Desço até a mesa e Vrismich está sentada do outro lado. Não converse comigo. Não converse comigo, por favor.
— Garoto… — Droga, ela falou comigo. — Poderia me passar esse creme ao seu lado?
— Ah! Claro, senhora…
— Vrismich.
Esqueci completamente seu nome. Apesar de possuir uma aura intimidadora, é uma boa pessoa, embora estranha.
— Sempre quis ter um neto… — diz. — Quer ser meu neto? — Como é que é a história, minha senhora? Estou completamente sem reação. Minha cara de espanto a faz ter um deleite de risadas. — Estou brincando, jovem. As crianças levam as coisas tudo a sério ultimamente. Meu filho disse que quando acordasse queria lhe ver no pátio.
Saio caminhando devagar, torcendo para que ela não fale comigo novamente. Sério.

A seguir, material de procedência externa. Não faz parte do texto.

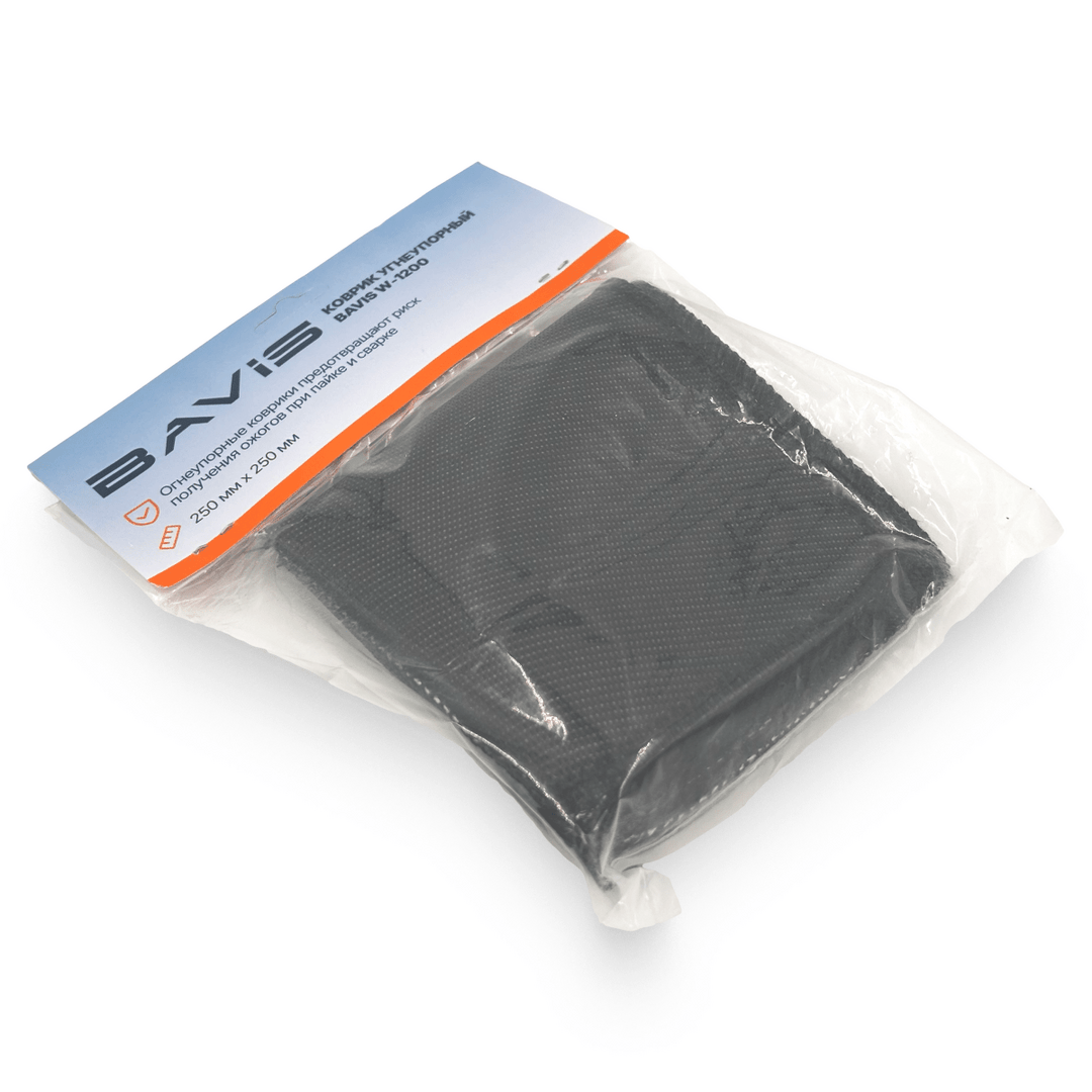 Огнеупорный коврик BAVIS W-1200 предназначен для защиты различных поверхностей от прямого воздействия пламени температурой до 1200 °С. Размер коврика 250 х 250 мм.
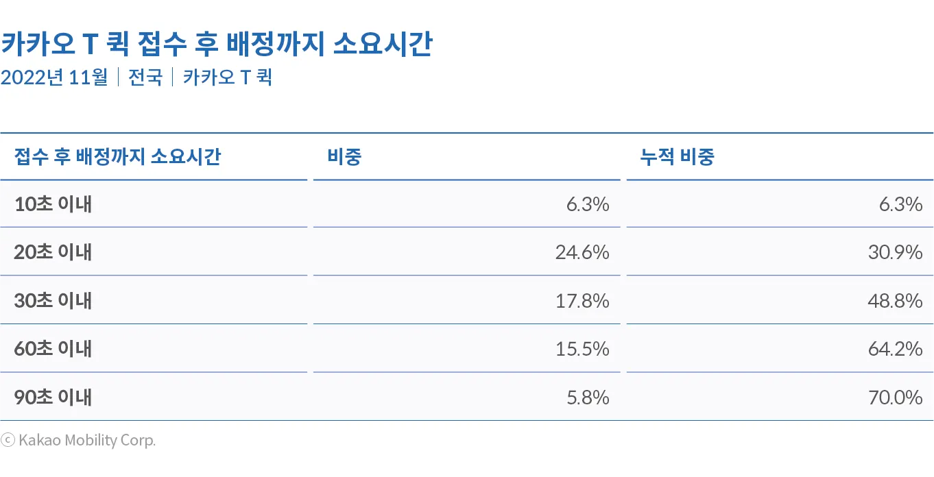 카카오 T 퀵은 빠른 배정과 정확한 배송 시간 안내, 배송 추적 기능도 기존 퀵 서비스 시장과 차별화된 장점이다. 카카오 T 퀵 이용 과정은 다음과 같다. 결제 수단을 등록한 뒤 출/도착지 입력, 보낼 물건 사이즈 선택, 가격 조회 등을 한 뒤 상품을 골라 호출을 하면 된다. 이 전체 과정이 평균 2분 30초 정도로 매우 짧다. 한 번 이용하고 난 뒤에는 호출까지 걸리는 시간이 더 짧아진다. 결제 수단은 한 번 등록하면 다시 입력할 필요가 없고, 한 번 입력한 출발지나 도착지는 기록이 남아 있어 선택만 하면 된다. 이용자들의 사용 기록을 보면 거의 절반(48.8%)에 달하는 이용자들이 30초 내에 기사가 배정되는 경험을 하고 있다.
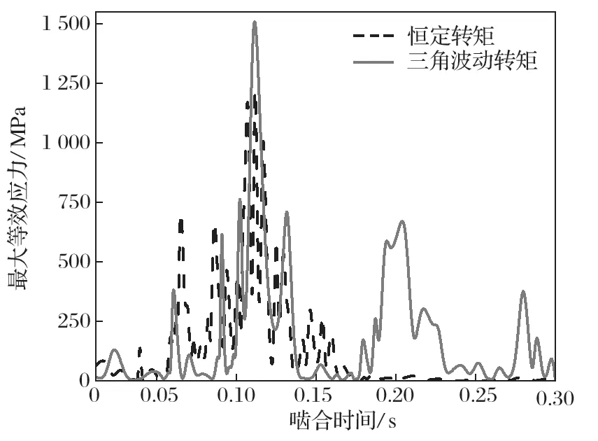 圖13 恒定轉(zhuǎn)矩與三角波動轉(zhuǎn)矩zui大等效應(yīng)力的對比

Não é nada contra…, mas sempre fico sem jeito quando estou perto dela.
Antes de abrir a porta que dá ao pátio, escuto um leve som de metais batendo um contra o outro. Vejo Claus sentado no gramado com um livro em mãos, e o barulho metálico ecoa novamente, fazendo-me levar os olhos mais ao lado do pátio.

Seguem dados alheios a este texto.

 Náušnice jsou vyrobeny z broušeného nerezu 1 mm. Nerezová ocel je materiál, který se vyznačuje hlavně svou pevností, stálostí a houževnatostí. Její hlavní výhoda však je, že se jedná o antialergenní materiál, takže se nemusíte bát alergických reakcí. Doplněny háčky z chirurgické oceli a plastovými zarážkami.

Agnes está lutando contra Arlo, talvez um treino, já que ele é seu mestre. Ignoro, virando o rosto para frente quando Arlo me dá uma olhada de canto. Observando discretamente, Agnes esboça um sorriso feliz ao pensar que seu mestre abriu uma pequena brecha, mas recebe um pontapé na barriga, jogando-a para trás e caindo de bunda no chão.
— Queria me ver?
— Sim — diz Claus. Ele fecha o livro devagar, como se estivesse lendo até as últimas palavras enquanto junta a capa e a contracapa uma na outra. — Arlo, venha aqui.
— Será possível… que o garoto que treinarei discretamente… é ele? — Arlo franze a sobrancelha quando Claus balança o rosto concordando.

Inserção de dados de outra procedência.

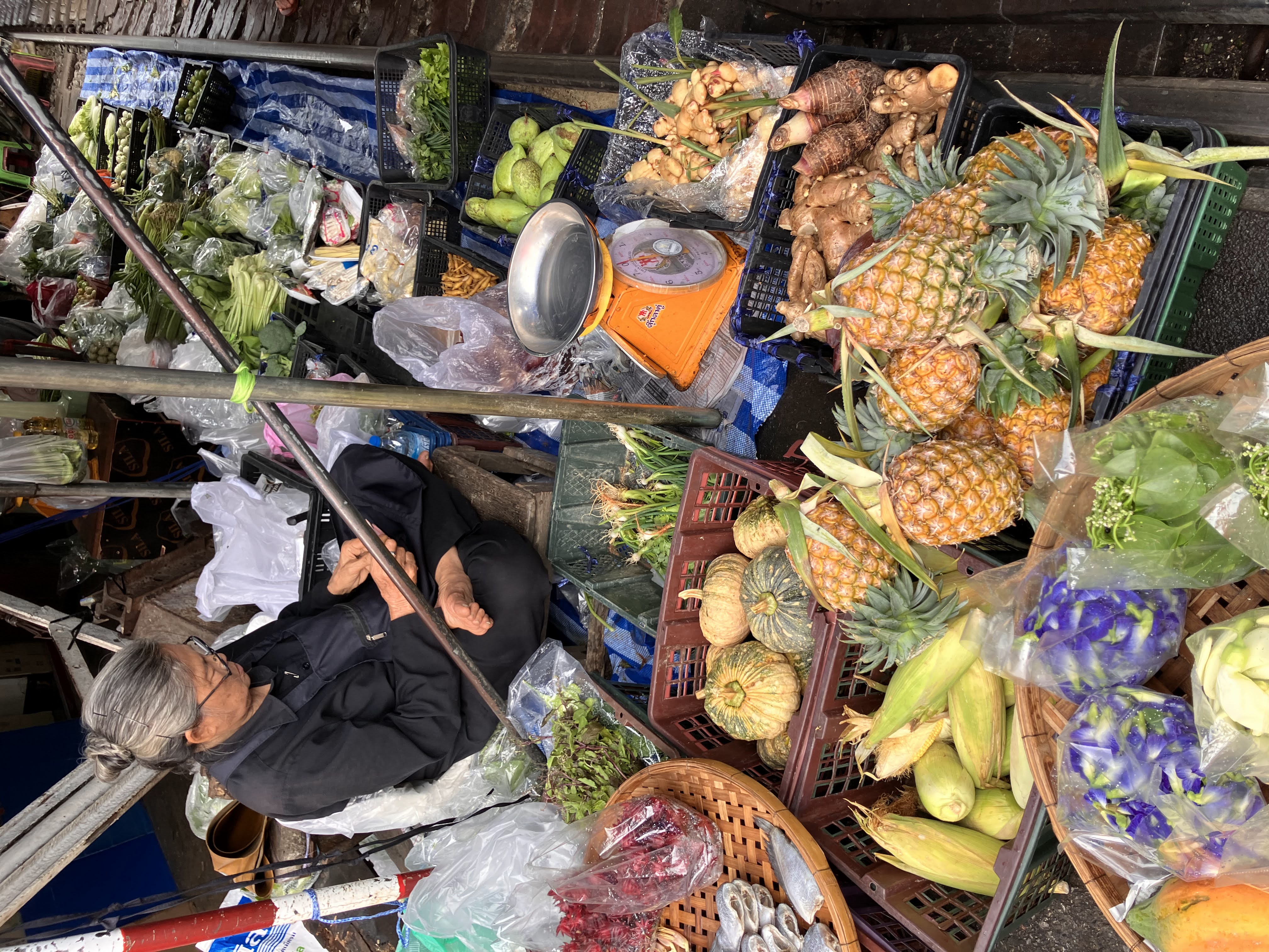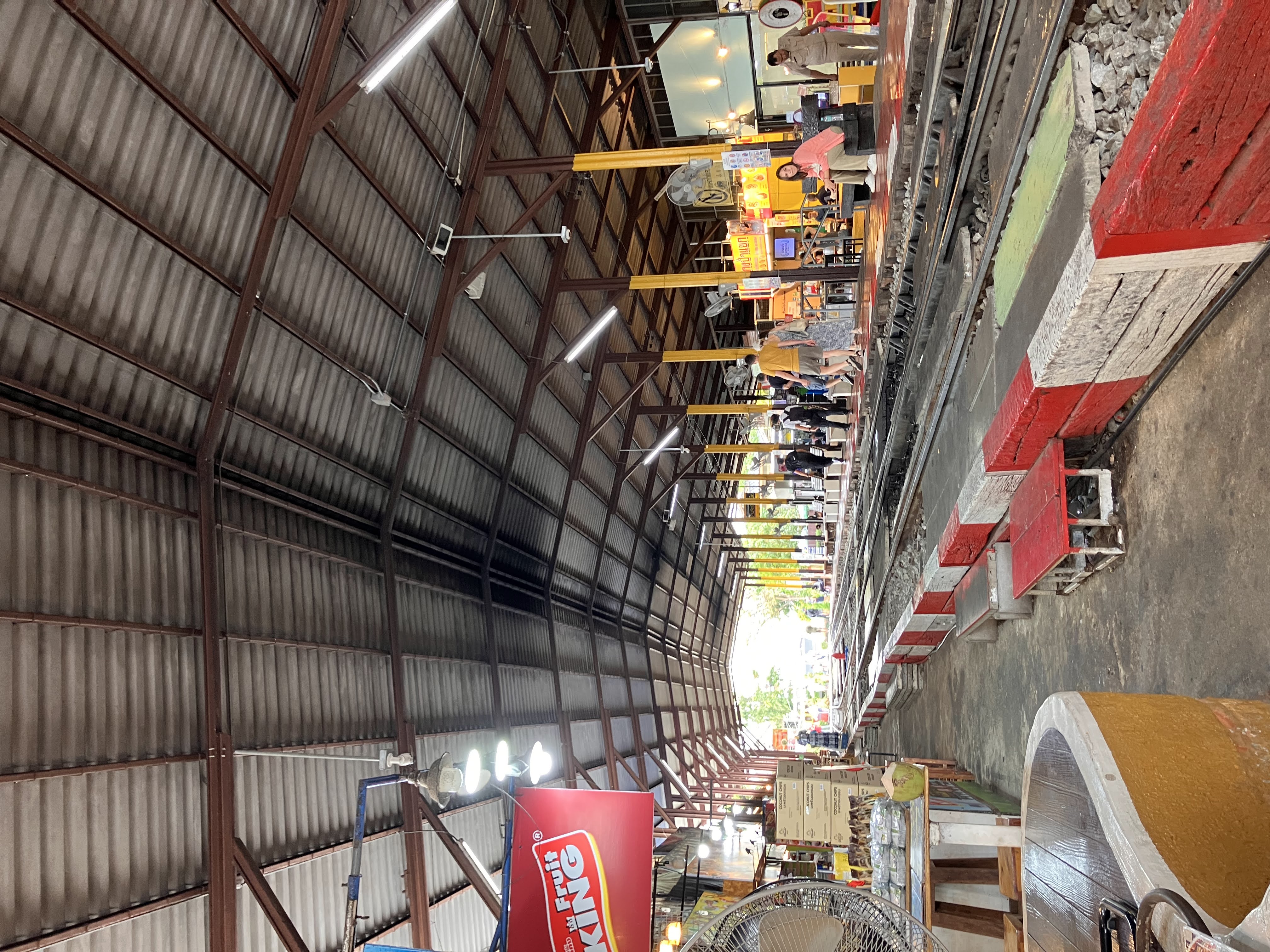 ガイドのジュリポンさんがとてもいいガイドさんで、ピンクのガネーシャを出発してバンコクへ向かう高速の手間で車を止めて地元の屋台のパイナップルを買ってくれました。冷たくて甘く美味しかったです。

— Ele não quis me deixar ser seu mestre uma vez, o que mudou?
— Nada… Ainda não quero — respondo, cruzando os braços e o encarando de lado. Ele me observa de cima a baixo com um olhar semicerrado.
— Tsc! Viu só? Ele não quer minha ajuda — fala Arlo, tinindo de raiva.
— Não confio em você — declaro.
— Essa é a primeira vez que vejo alguém confrontar um general de Dream… e ainda por cima é uma criança. Nem mesmo Agnes fez isso. Que coisa, não?! — Claus mostra um tom debochado olhando descaradamente para ele.
— Claus… dá para calar a boca um pouquinho? — Consigo ver o olho esquerdo de Arlo piscar sem controle.
— Veja bem, Luke — Claus ri —, confie em mim. Arlo é meu melhor amigo desde que me conheço por gente, confie nele. Se não puder… confie em mim.
Pedindo assim, é até uma ofensa recusar. Além do mais, Claus fez o bastante só por me deixar ficar debaixo do seu teto. O mínimo que posso fazer é demonstrar confiança.
— Haaah… — Suspiro. — Irei aceitar porque é você que está pedindo.
Arlo sorri discretamente.
— Não é assim que as coisas funcionam. — Ele anda até um barril, onde há algumas espadas e lanças de madeira. — Você terá que provar se tem algum valor em lhe treinar. — Aponta para o barril. — Escolha sua arma, ou o pirralho tem medo de se machucar?
Qualquer pirralho de cinco anos teria medo de se machucar, teu lunático filho da puta.